From the listing below, give again exactly the lines from the line with "ドクターフィッシュ「ガラ・ルファ」" to the line with "Sommerliche Alplandschaft mit weidenden Kühen", ends included, without any pictures.

══ Source material

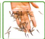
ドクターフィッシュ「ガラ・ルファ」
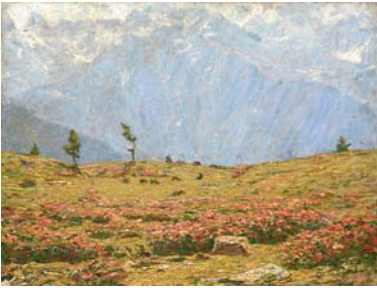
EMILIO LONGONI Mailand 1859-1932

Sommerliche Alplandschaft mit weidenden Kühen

════
══ Source material

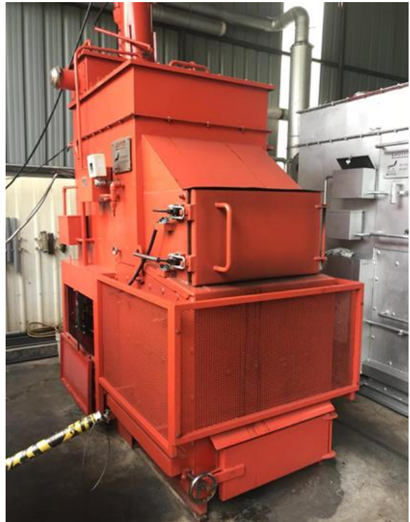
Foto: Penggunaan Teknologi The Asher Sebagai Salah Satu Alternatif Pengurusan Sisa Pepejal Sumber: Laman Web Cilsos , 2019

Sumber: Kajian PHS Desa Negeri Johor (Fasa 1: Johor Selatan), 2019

════

## Problem solution
ドクターフィッシュ「ガラ・ルファ」
EMILIO LONGONI Mailand 1859-1932

Sommerliche Alplandschaft mit weidenden Kühen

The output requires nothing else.